К исходу пятого дня возле бивака Захара громоздилась куча кедровых шишек. В два дня он управился с их обработкой и наполнил три мешка отборными орехами.
К вечеру восьмых суток Захар перетаскал их к лодке, заночевал на берегу озера, а утром тронулся в путь.
Никандр с трудом узнал в оборванном и обросшем щетиной, пропахшем гарью мужичке своего «знакомца».
— Ну, видать, уходился ты, паря… — говорил он, посмеиваясь. — Родная жинка, поди, не признает.
Перетаскав мешки во двор Рудневых, Захар налегке отправился домой.
— Боже ж мой! — воскликнула Настенька, увидев мужа. — Зоренька, милый, да на кого ты похож! Скорее раздевайся и умывайся, детей перепугаешь.
Но тон у нее был совсем не горестный, даже веселый. Захар это сразу почувствовал. И не ошибся. Не успел спросить, как они тут без него, а уж Настенька метнулась в соседнюю комнату и прибежала с газетой в руке.
— Сначала разреши тебя поздравить, мой Зоренька. — Она поцеловала его. — Ой, даже губы пахнут дымом!.. А теперь вот прочитай здесь!
Это были «Известия». Страницы газеты сплошь заняты списками. Захар понял: списки награжденных. Сразу бросились в глаза две фамилии, подчеркнутые карандашом. Под подзаголовком «Медалью «За отвагу» прочел: «Агафонов Григорий Леонтьевич», а несколько ниже: «Жернаков Захар Илларионович».
— Вот это да! — только и сказал просветлевший Захар.
— Но это не все! Приходили из управления: ты восстановлен на работе.
— И давно?
— Газету принесла Леля на следующий день, как ты уехал, а из управления приходил какой-то молодой инженер, забыла фамилию, только позавчера.
Захар устало сел к столу, жадно отыскивая в газете знакомые фамилии.
— Ага, Криволап, командир нашего танка, тоже награжден медалью «За боевые заслуги»! — А через минуту снова: — Смотри, Настенька! Вася Корольков награжден орденом боевого Красного Знамени!

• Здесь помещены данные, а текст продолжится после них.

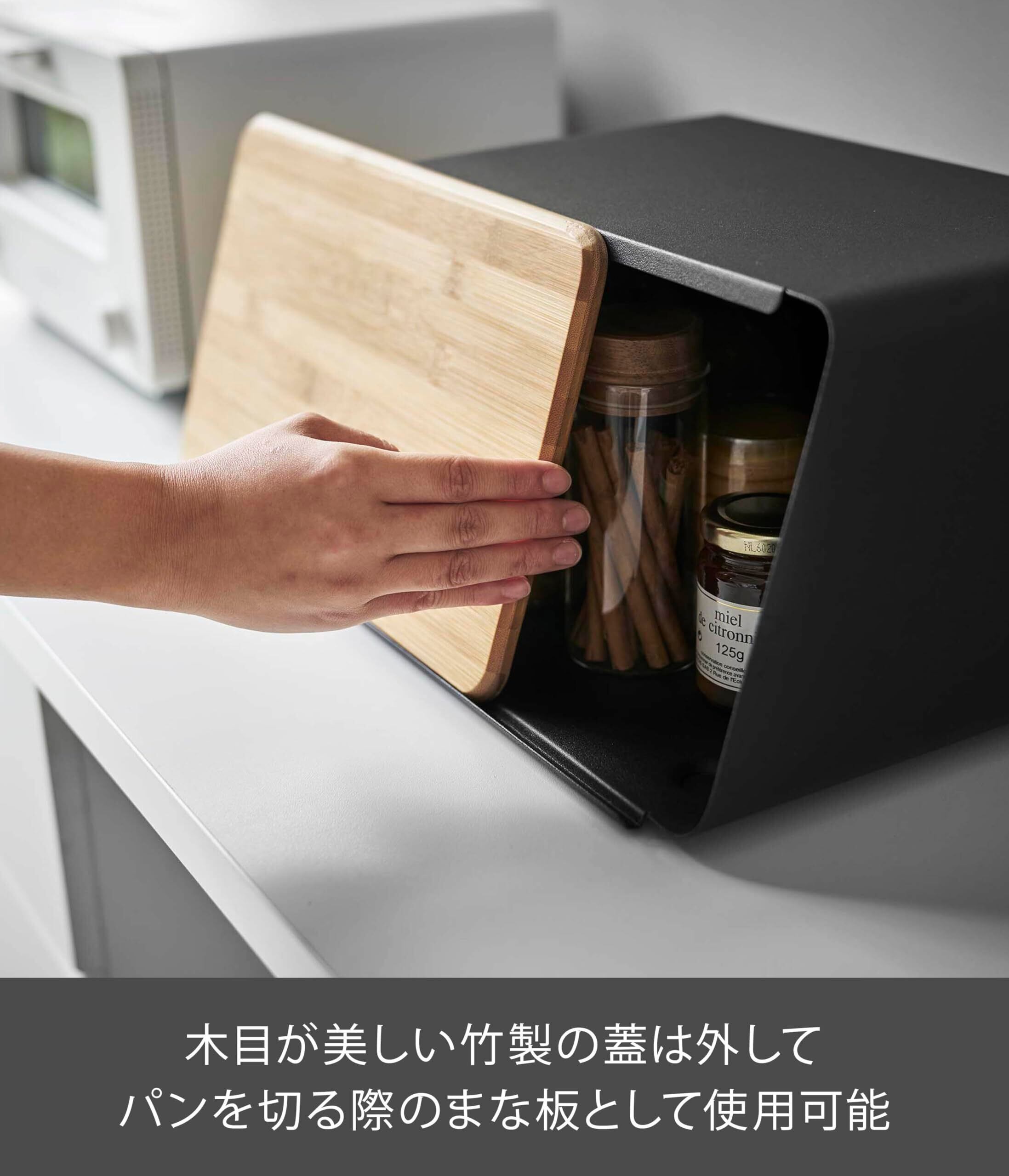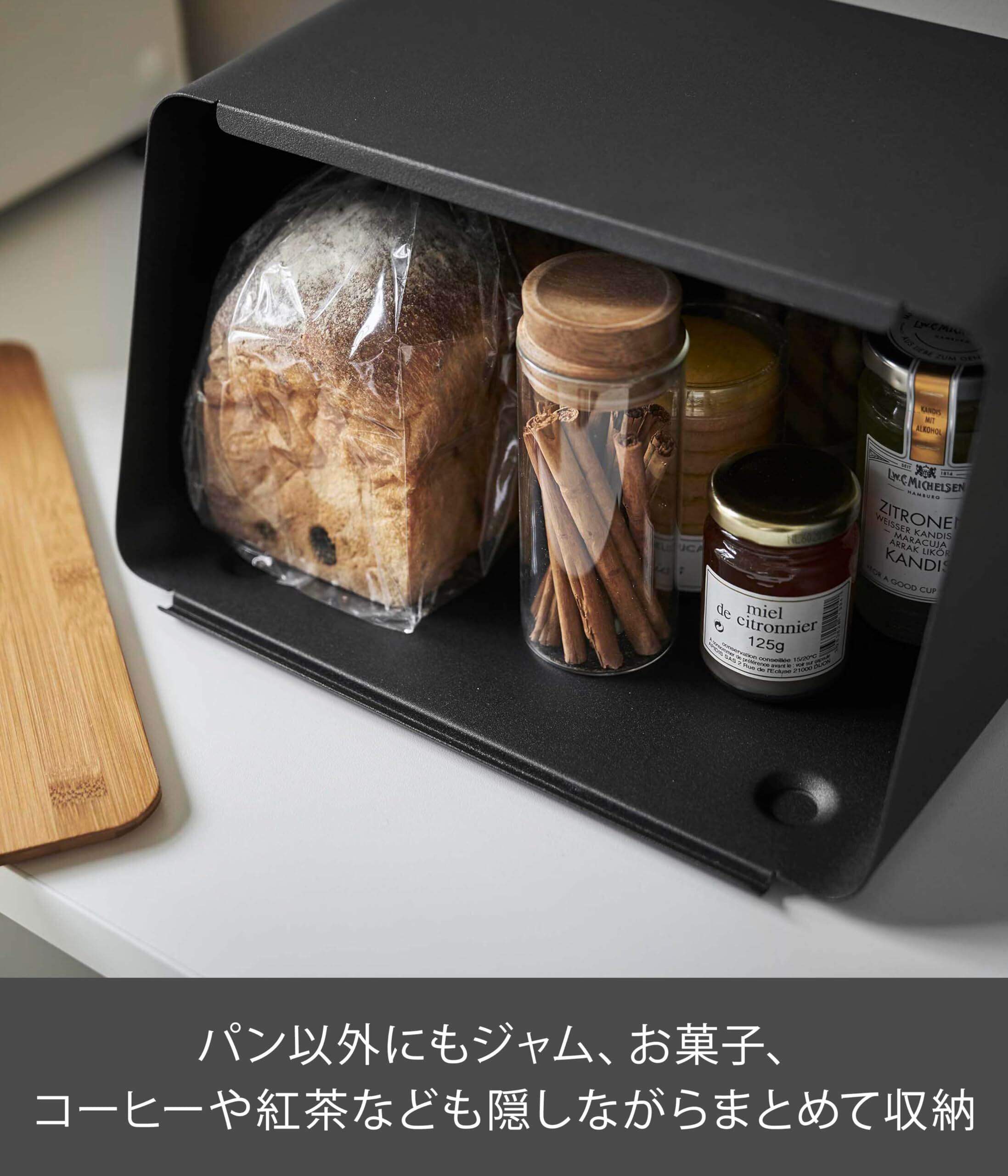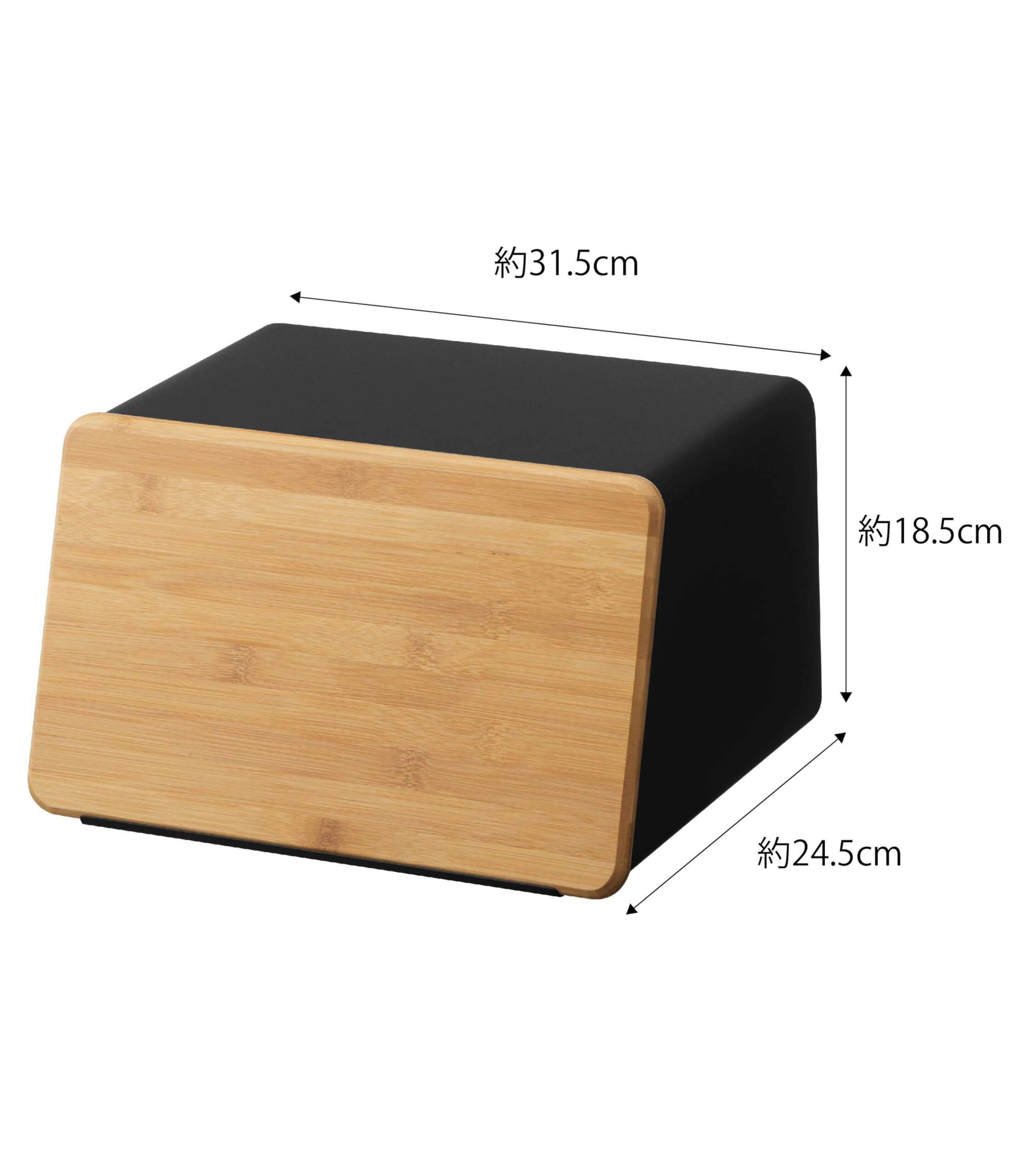 山崎実業(Yamazaki) 蓋が外せる ブレッドケース ブラック 約W31.5XD24.5XH18.5cm タワー 蓋がスライドできる パンケース 大容量 5291
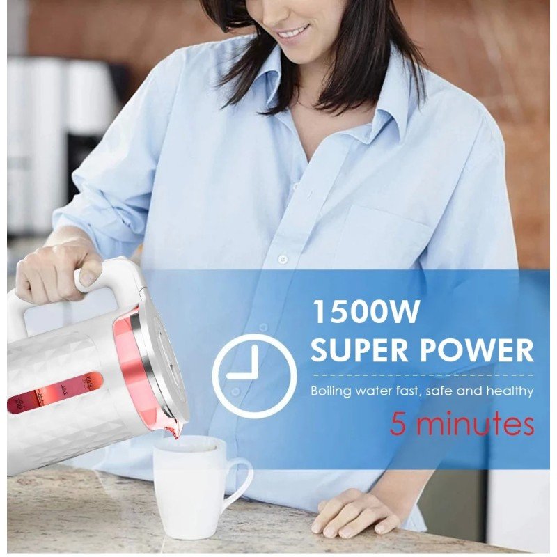 Nuestro hervidor de agua eléctrico de vidrio con vidrio de borosilicato de la mejor calidad, que dura toda la vida, acero inoxidable 201 y calor , copoliéster resistente para el agua más segura y fresca. Controlador de termostato de alta calidad, apagado automático dentro de los 30 segundos después del agua está completamente hirviendo.
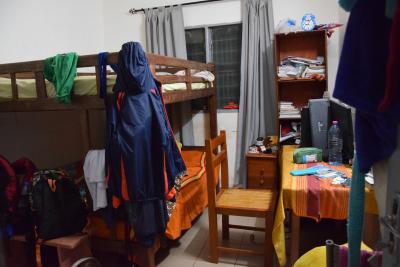 Wir sind mit die ersten, die zu zweit bei der kamerunischen Sandrine unterzukommen. Bis vor einem knappen Jahr, waren die drei Kinder so liebenswürdig ihr Zimmer mit Volunteers zu teilen. Diesmal, zu zweit, wäre das allrdings schwierig geworden. Doch da unsere Hostfamilie umgezogen ist, gibt es ein freies Zimmer für uns beide. Zusammen mit einem Cousin, der aktuell für längere Zeit auch hier wohnt, leben wir also zu acht in der neuen 3-Zimmer Wohnung.
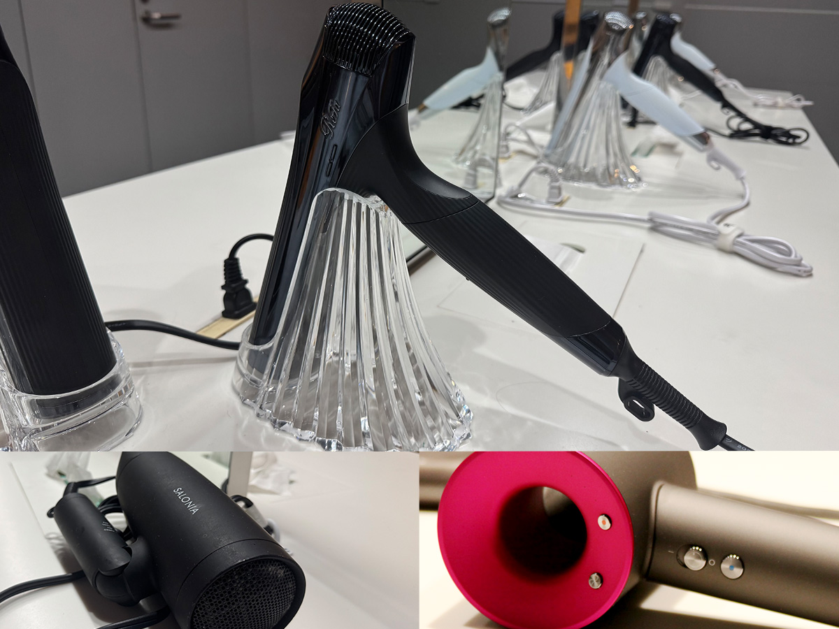 女性用にリファドライヤー(8台)、男性用にダイソンドライヤー(3台)、サロニアドライヤー(3台)をご用意。自分好みのシャンプーとトリートメントを選んだあとはしっかりとケア。

Более счастливого дня в жизни Захара еще не было.
ГЛАВА ТРИНАДЦАТАЯ
Из контрольной комиссии ЦК пришло письмо в горком: Ольгу Ивановну Касимову восстановить в правах, возвратить ей квартиру и принять снова на работу.
Леля навеселе, с бутылкой портвейна в сумке поспешила к Жернаковым.
— Что с тобой делается, Леля? — шепотом спросила ее Настенька, когда они вышли на кухню. — Ты же пьяная по улице шла…
— А мне плевать! — отмахнулась Леля. — Я уж на базаре рядом с торговками насиделась, а это в тыщу раз позорнее. Ну, ты не возись долго, Настя, я пришла поговорить с вами. Есть интересные новости.
Не дожидаясь, пока все рассядутся, Леля разлила вино и объявила тост:
— За Ванюшино здоровье!
Выпила как воду — не покривилась, не закусила.
— Ну вот, ребята, я вам скажу сейчас кое-что по секрету.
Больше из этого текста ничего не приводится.